1. Field of the Invention
The invention relates generally to work vehicles such as agricultural planters. More particularly, it relates to a hydraulic control system for an agricultural planter that includes a series of master cylinders having slave cylinders operably connected therewith. Even more particularly, it relates to a hydraulic control system wherein the master and slave cylinders can be operated independently of one another such that the master cylinder can be operated to effect distinct field transport and road transport heights.
2. Discussion of the Related Art
Conventional planters typically include a series of evenly spaced row planter units connected to an implement frame or tool bar so as to be towed across a field. The row planter units are generally configured to plant particulate product (i.e., seed, herbicide, pesticide, fertilizer, etc.) in evenly spaced individual rows. The planter is usually towed by a propelling vehicle such as a tractor or other prime mover across the field. As the planter, reaches the end of a row, or requires transport from a field to another more remote location, it is often necessary to reconfigure the planter from a field planting configuration or position to a field transport (for movement between planting rows), or folded road transport position.
In many prior art systems, hydraulic lift systems are utilized to reconfigure the planter to and from the above noted positions. In such prior art systems, remote hydraulic valves provide hydraulic flows to locations on the tool bar to adjust the positioning of the same. The valves are controlled in an operator station in the cab of the vehicle, most commonly by manipulating a control device that provides a signal and indicates a desired flow rate to or from the hydraulic valve. The hydraulic valves are typically connected to a manifold or manifolds, most commonly located at the rear of the vehicle, to which hydraulic actuators are mounted. The hydraulic actuators include such things as hydraulic motors and cylinders. By manipulating the control device, the operator can vary the flow direction and the flow rate to the manifold, and hence to the hydraulic actuators located on the tool bar.
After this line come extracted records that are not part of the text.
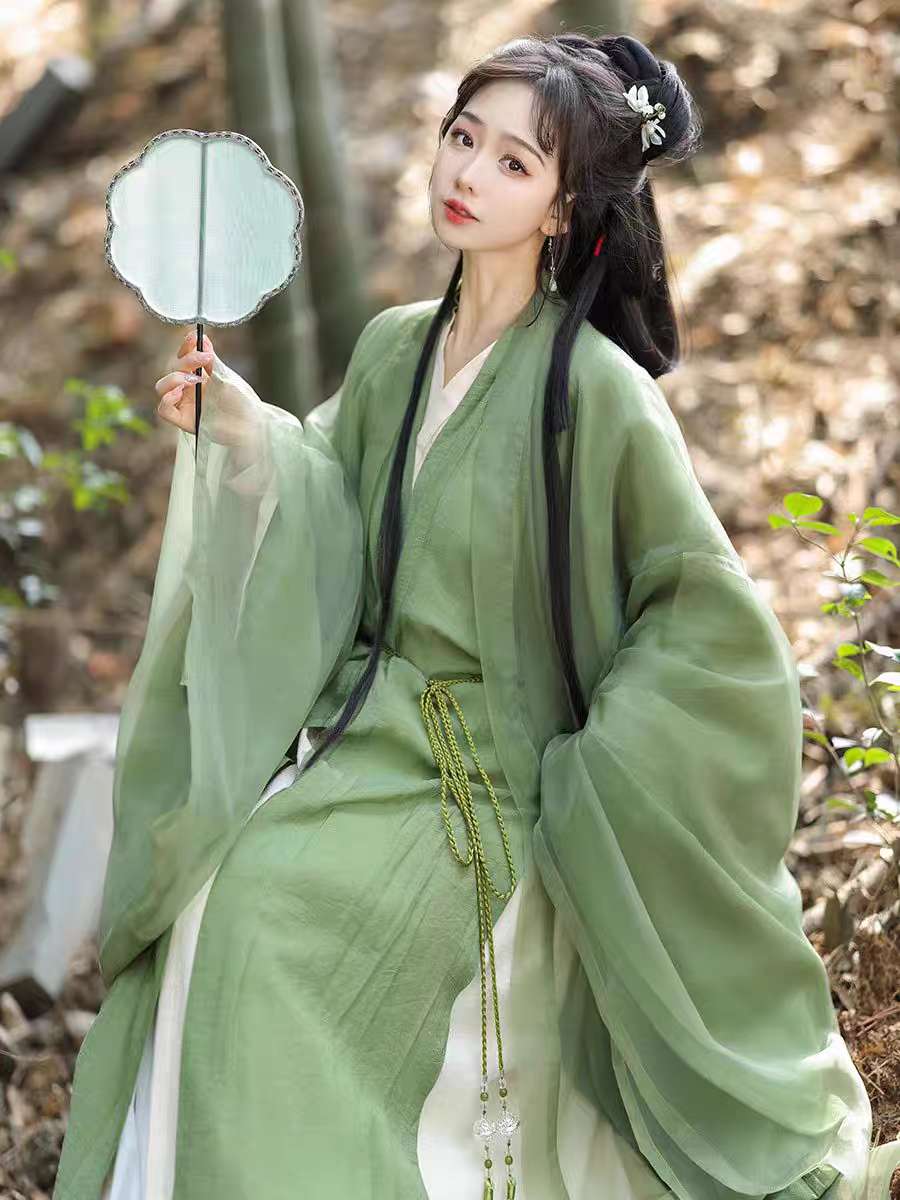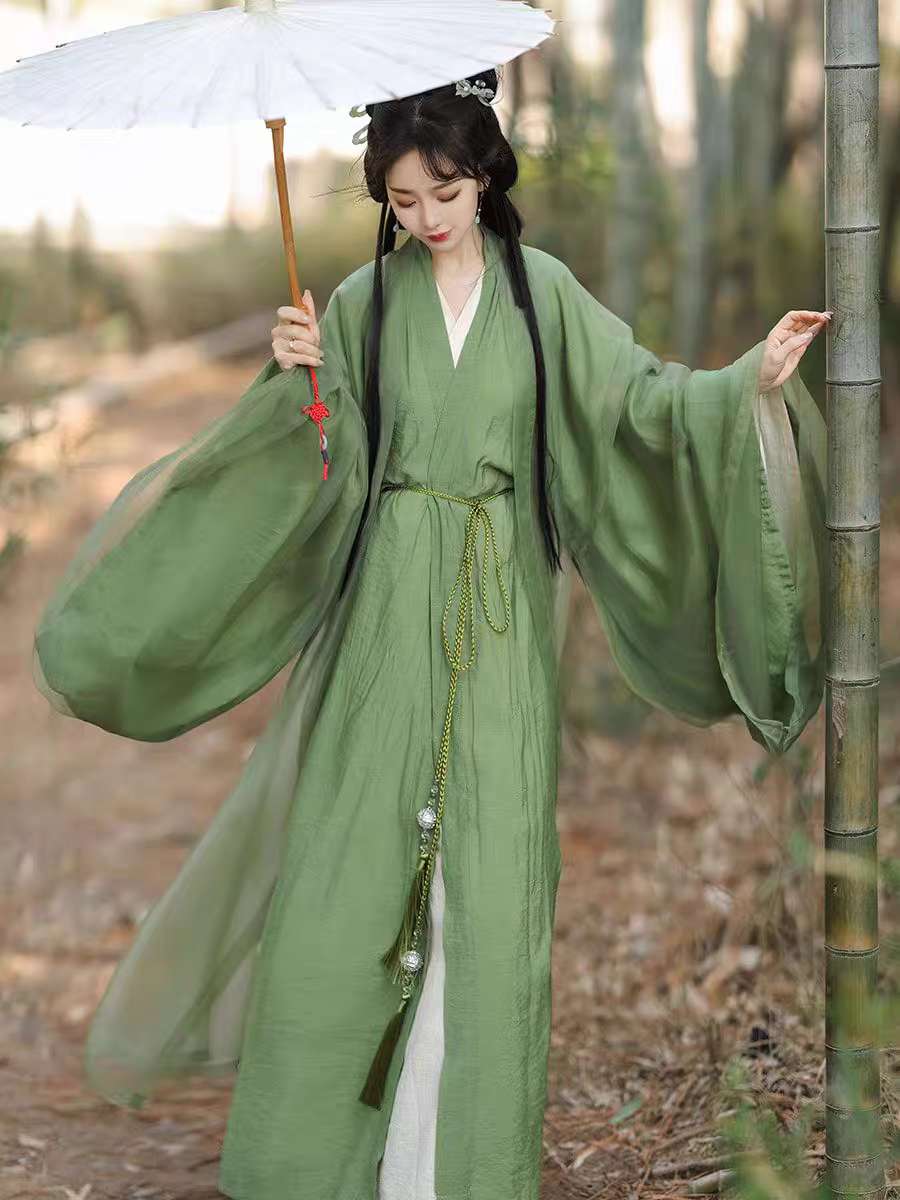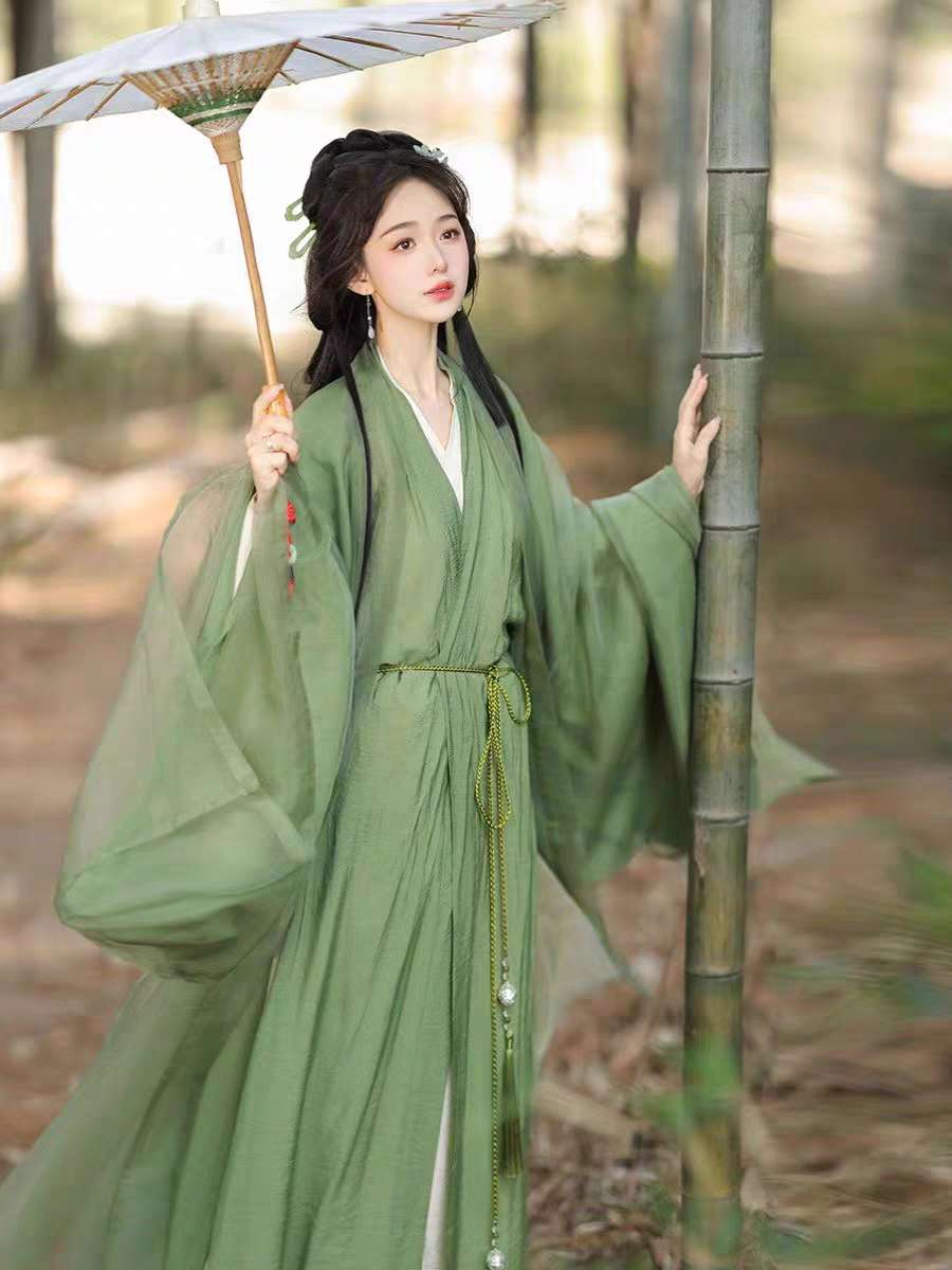 出租汉服原创汉服女【文竹青衣】魏晋风交领长衫清冷风仙气日常款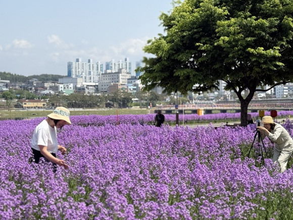 |  | | | ↑↑ 방문객들이 영천강변공원에 조성된 보라유채꽃밭의 경치를 감상하고 있다. | | ⓒ (주)영남도민일보 | | [영남도민일보] 박 성모 기자 = 영천시의 봄이 짜릿한 보랏빛으로 물들었다.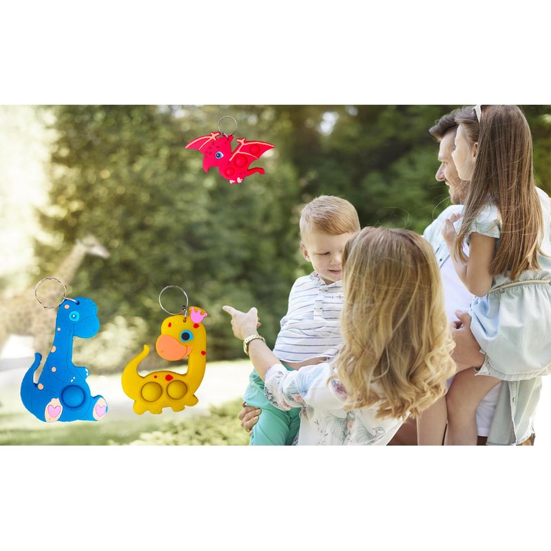 30 packs Bulk Dinosaur animal Mini pop Fidget Keychain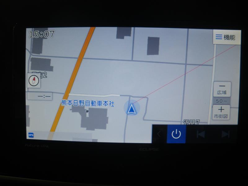 バックモニター付き。車両後方の映像がナビ画面に表示されるので、車庫入れが苦手な人も安心です。ただし、目視確認もお忘れなくお願いいたします。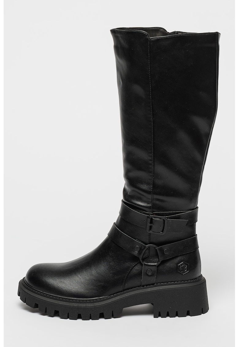 Caracteristici Tip: cu talpa joasa Culoare: negru Material: piele ecologica Imprimeu: uni Stil: casual Tip talpa: plata Inaltime: 35 cm Culoare elemente metalice: negru Sistem inchidere: fermoar Compozitie Partea superioara: alte materiale Material interior: alte materiale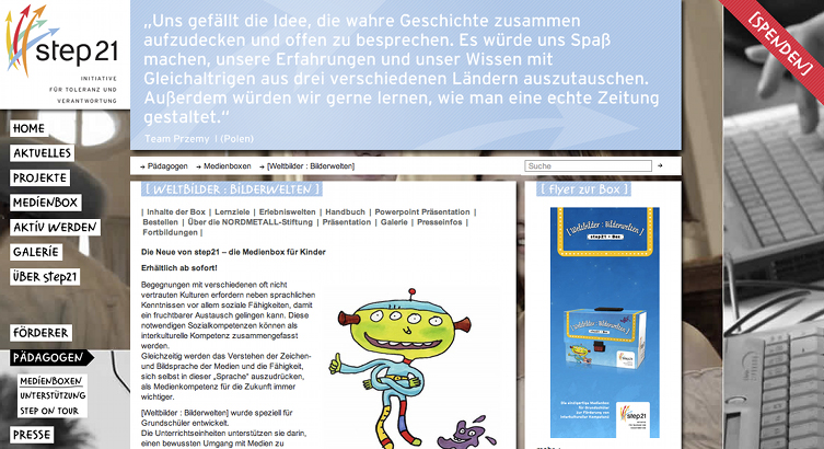 Die gemeinnützige Initiative step21 hat den Anspruch, die Sozial- und Medienkompetenz von Jugendlichen zu stärken. Durch Medienprojekte werden Grundwerte wie Toleranz, Verantwortung und Zivilcourage vermittelt. Step21 kam mit der Anfrage auf die argonautenG2 zu, ihre Website pro bono zu relaunchen. Ziel war es, ein gutes Produkt zu entwickeln, das mit geringen Mitteln umgesetzt wird und zukünftig auch von der Step21-Redaktion selbstständig gepflegt werden kann. Eine weitere Herausforderung bestand darin, mit der Website mehrere, komplett unterschiedliche Zielgruppen anzusprechen - junge Erwachsene, Pädagogen sowie potentielle Förderer. Die Website wurde in Typo 3 umgesetzt und wird von step21 regelmäßig mit neuen Inhalten bespielt.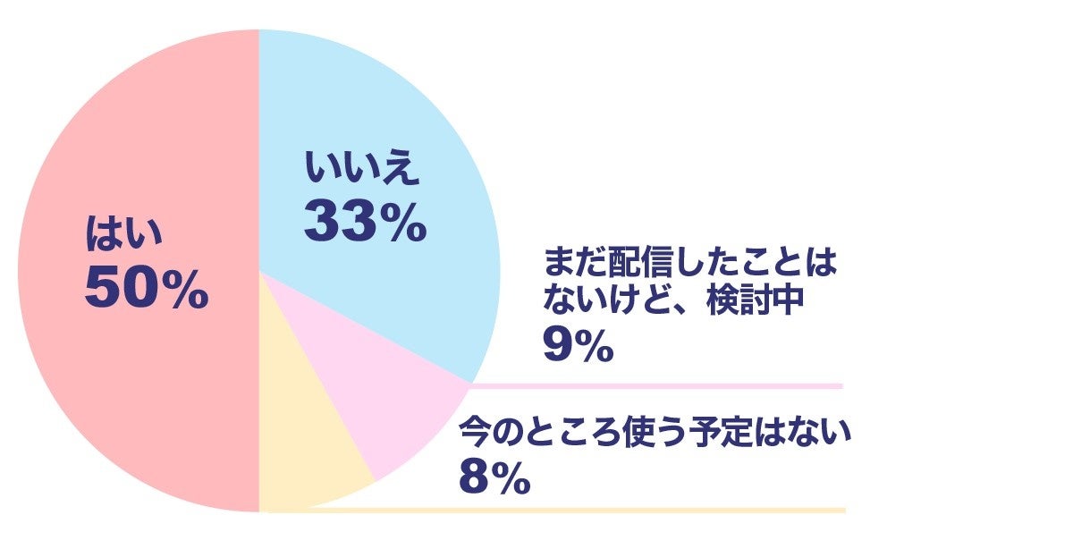 「はい」が50%で一番多く、「まだ、配信したことはないけど。検討中」が9%という回答がありました。半分以上はライブ配信の経験があると伺えます。
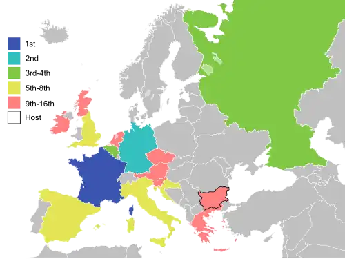 Map of the 2015 UEFA European Under-17 Championship finalist teams and their performances.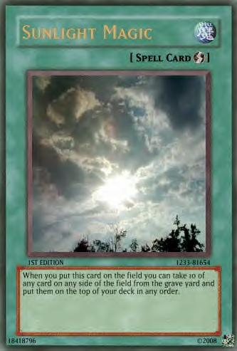 TR_Headshot Posted July 4, 2008 Report Share Posted July 4, 2008 Please work on your OCG. It's also pretty overpowered. Add a drawback please. Link to comment Share on other sites More sharing options...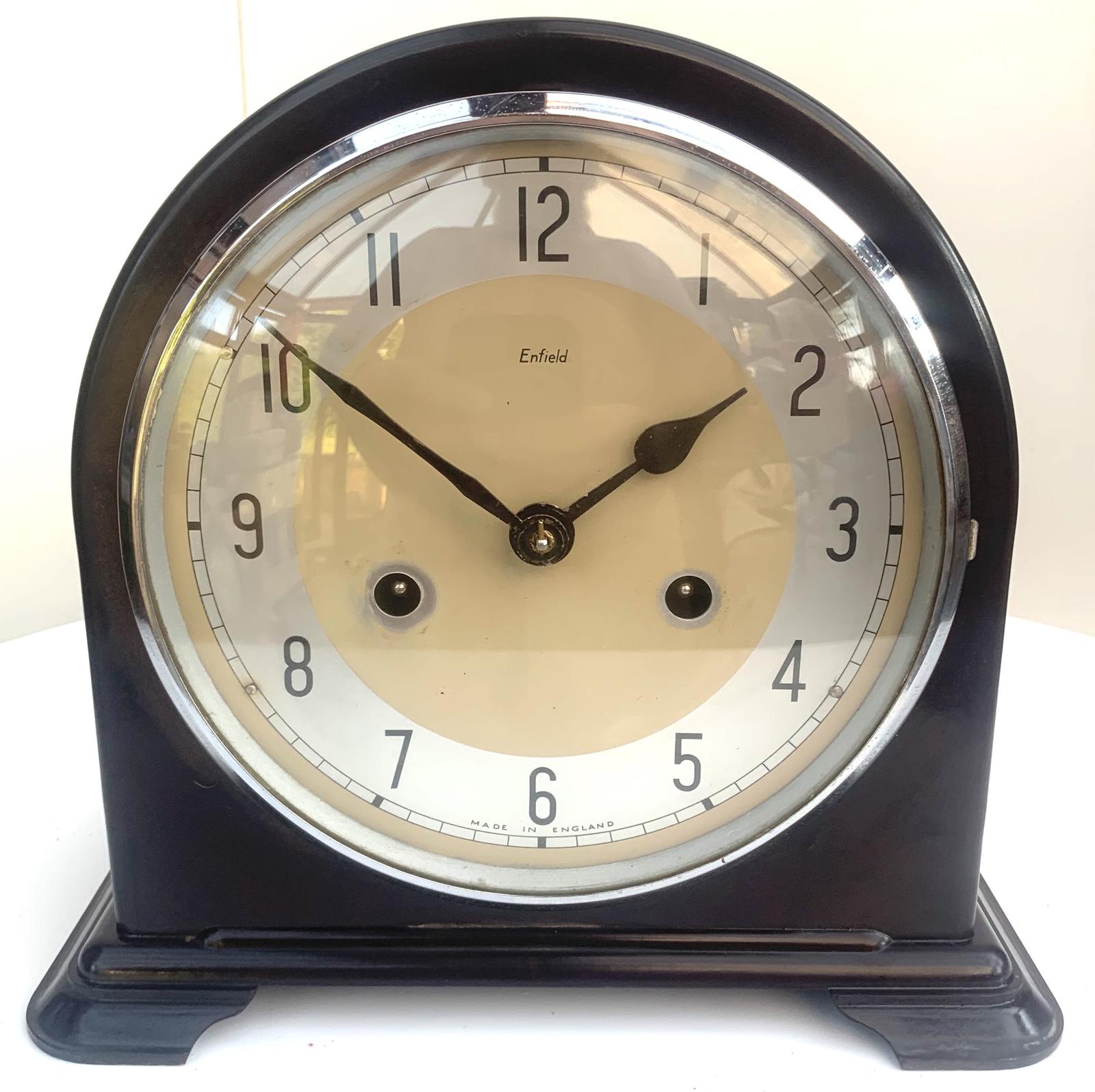 Interesting Smiths Enfield English Art Deco 8 Day Striking Bakelite Mantel Clock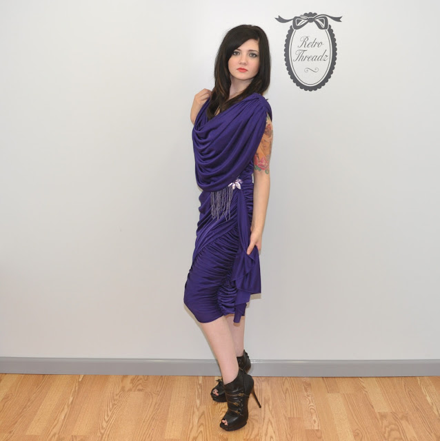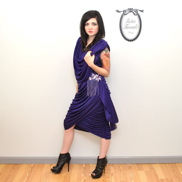 In this 'Vintage 80's', violet blue, draped, Grecian goddess style swag dress from the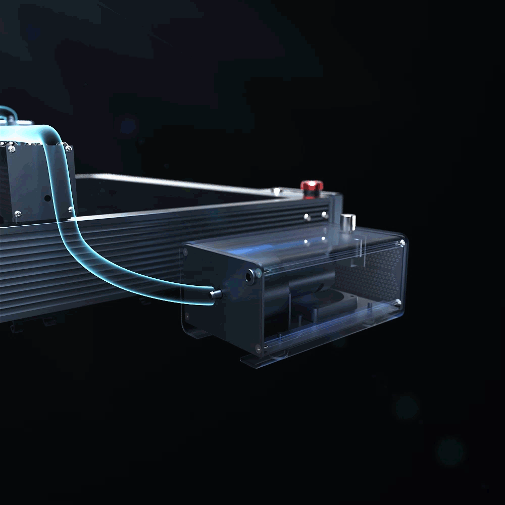 ● Equipped with 10-30L/min adjustable airflow, internal fume filtration can effectively remove the smoke and dust generated during the laser engraving process.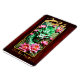 Grönt Dragon papper-cut med rosa peonies papper på struktur av trä (bild tryckt) som bakgrund + Önskemål på vietnamesiska (originalhandskrift) + stor guldskrift 2024. Design på rektangulär fotomagnet i lodrät. Matchande gratulationskort, vykort för helgdag och rektangulärt lodrät. Perfekt för Vietnams nya år i draken 2024.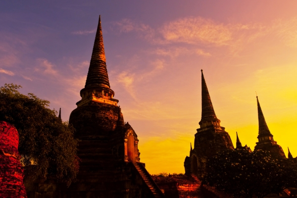 Visiter Ayutthaya au coucher du soleil.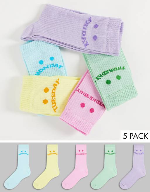ASOS DESIGN – Pastellfärgade ribbade strumpor i vadlång modell med veckans dagar, 5-pack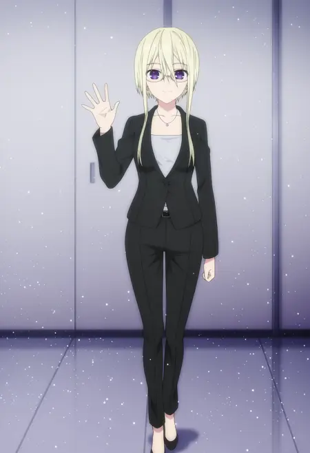Business: karen (character), business (outfit), 1girl, purple eyes, blonde hair, short hair, sidelocks, hair between eyes, glasses, jewelry, earrings, necklace, white shirt, suit jacket, black suit, belt, black pants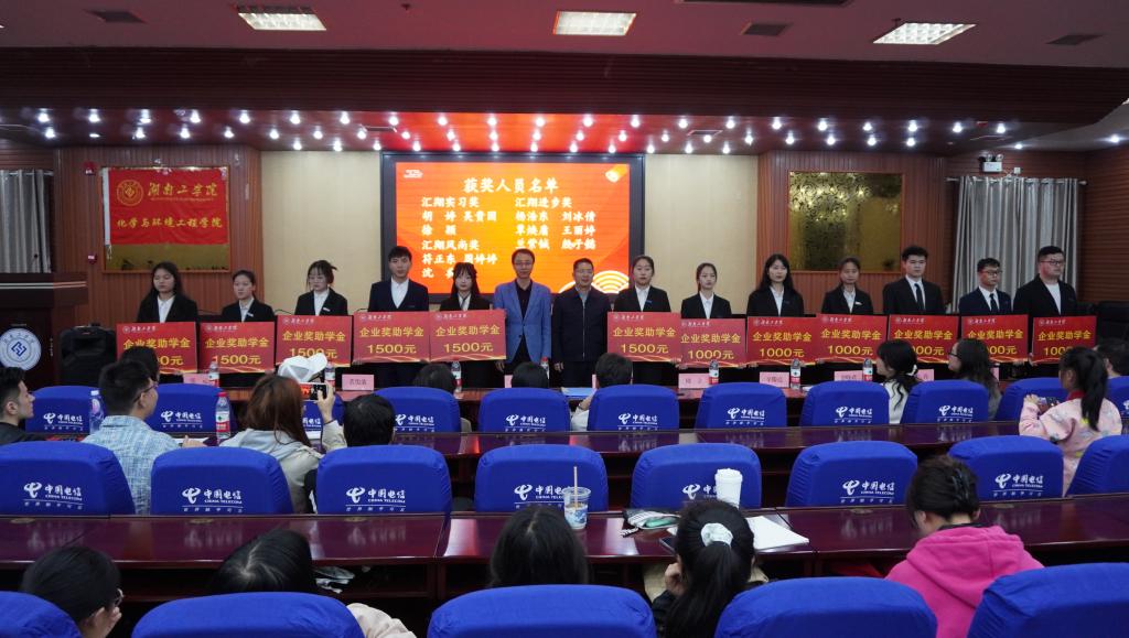 4月24日晚7点,化学与环境工程学院2022年度“汇翔奖学助学基金”颁奖典礼在蔡伦报告厅隆重举行。浙江汇翔新材料科技股份有限公司行政总经理魏臣阳、人事主管杨丹、英国上市公司官网365基金会主任米梅月、校友联络中心副主任罗晓君、化学与环境工程学院党委书记周立、院长辛俊亮、副书记蔡玲、副院长黄俊歆、副院长刘宁及全体辅导员老师出席,“汇翔奖学助学基金”受奖助学生、学院学生代表参加。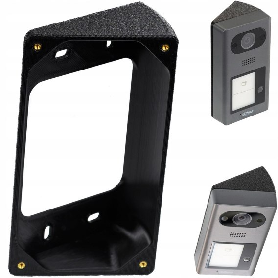 Wideomofon oraz daszek nie wchodzą w skład oferty. Przedmiotem dostawy jest drukowany uchwyt kątowy widoczny na pierwszym zdjęciu.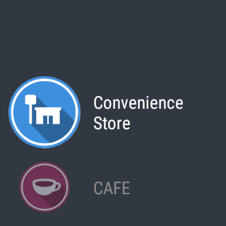 Select type of destination from the menu (convenience store, cafe, family restaurant, station, fast food) , otherwise enter the destination by voice input on your watch.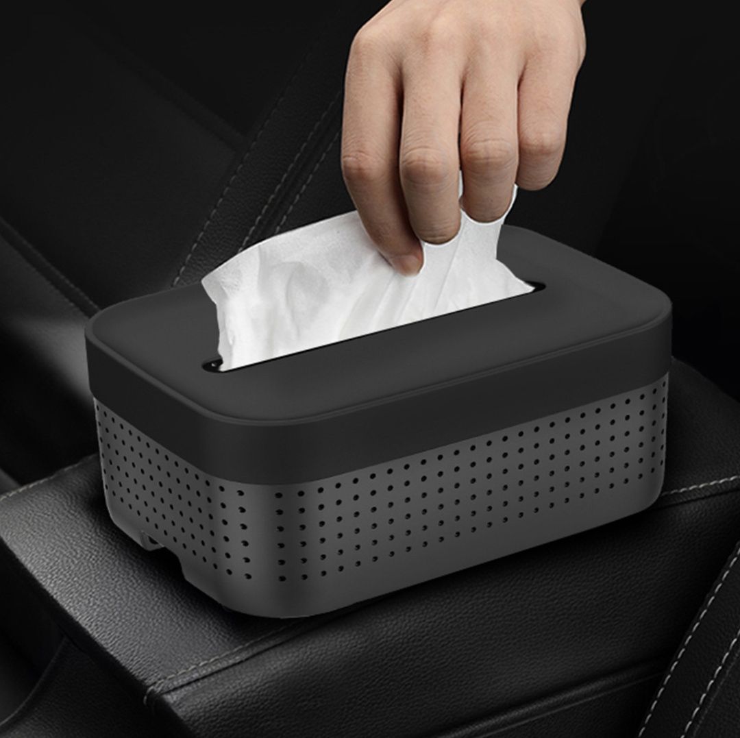 滑り止め機能付きで走行中もずれにくく、片手でスムーズにティッシュを取り出せます。

However, known hydraulic systems have drawbacks. Most notably, in most prior art systems, the maximum road transport height (height used herein means the clearance of the tool bar from the ground) and the field transport height is often the same. This is due to the fact that when an operator strokes a master cylinder controlling the height of the central wheels to the exclusion of the slave cylinder controlling the wing wheels, both cylinders typically bottom out thereby limiting the maximum raised height of the planter tool bar from the ground. The limited maximum height of the road transport position has proved problematic when the planter needs to be moved long distances over ditches and other uneven surfaces. Portions of the planter may not have adequate clearance to cross these uneven surfaces. Likewise, the height (clearance of the tool bar from the ground) of the field transport position in many of these systems is unnecessarily high. As the field transport position most commonly only requires turning between adjacent rows, it is unnecessary to raise the system to the same height required for road transport.
There have been some attempts at providing a planter that can fold into distinct field transport and road transport configurations. For example, one known system includes a front fold planter configured such that when the wing wheels are retracted, oil from the slave cylinders in communication with the wing wheels is moved through a solenoid valve and routed into a master cylinder thereby stroking the master cylinders to achieve a higher road transport height. This system, while somewhat satisfactory for its intended purpose, exhibits drawbacks as the routing system is overly complex and costly to manufacture.
Therefore, there is a need or desire for a hydraulic control system for a work vehicle such as a front fold planter to address the drawbacks described above. The hydraulic control system should also be configured to be utilized with a wide variety of bar supported implements frames and/or vehicles in addition to those related to agriculture. The hydraulic control system should also be versatile so as extend its lifetime and minimize replacement. Also, the hydraulic system should be simple in design so as to reduce costs associated with labor and manufacturing.